The stars of the show, however, are the bison that are free to roam some 2,200 acres of the park that is fenced. On some visits to the park, the herd is within view. On others, the only bison a visitor may see are the two mounted animals displayed in the visitor’s center.
Nine bison were brought to the park in 1982. The herd has grown to about 130 with spring calves, and is kept at around 100 with an annual fall sale of surplus animals. Prices have been good lately, with a young bison bringing $700 to $800. The park also has a herd of about 25 elk.
The elk are secretive and seldom seen, hiding out in a grove of trees in a remote corner of the park. The bison herd moves about, which I found out on my last hike on Sandstone Trail, one of five trails totaling 12 miles.

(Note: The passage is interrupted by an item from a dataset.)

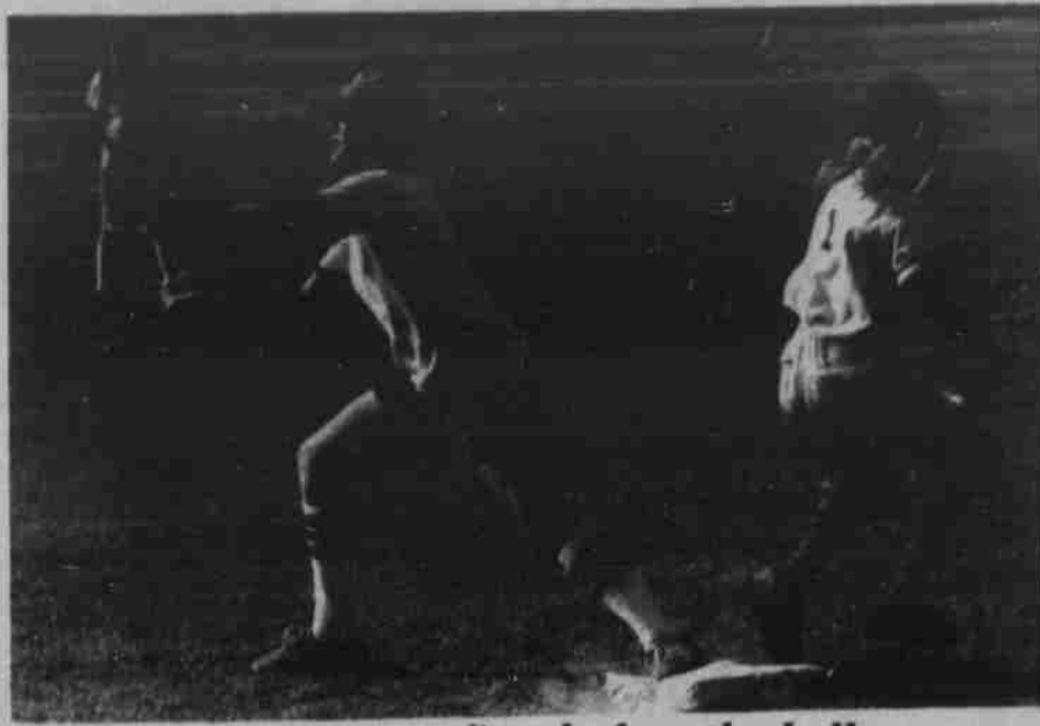
Skampering to first before the ball.

The herd came over a hill and ambled toward me, leisurely grazing along the way. But their pace was deceptive, and the two big bulls in front soon filled the frame of my telescopic lens. That was within the park’s advisory 100-yard limit, and my retreat was hasty.
There have been no incidents between hikers and bison “so far,” Miller said. But the animals can weigh up to 2,000 pounds, are equipped with sharp hooves and horns, and are as agile and quick as a horse.
“They’ll let you know when you’re too close,” Miller said. “The first thing they do is defecate. That means they’re a little anxious and aware you’re there.
“Then the tail goes up. The higher it goes, the angrier they are. If it raises straight up, you’d better get out of there cause they’re ready to nail you.”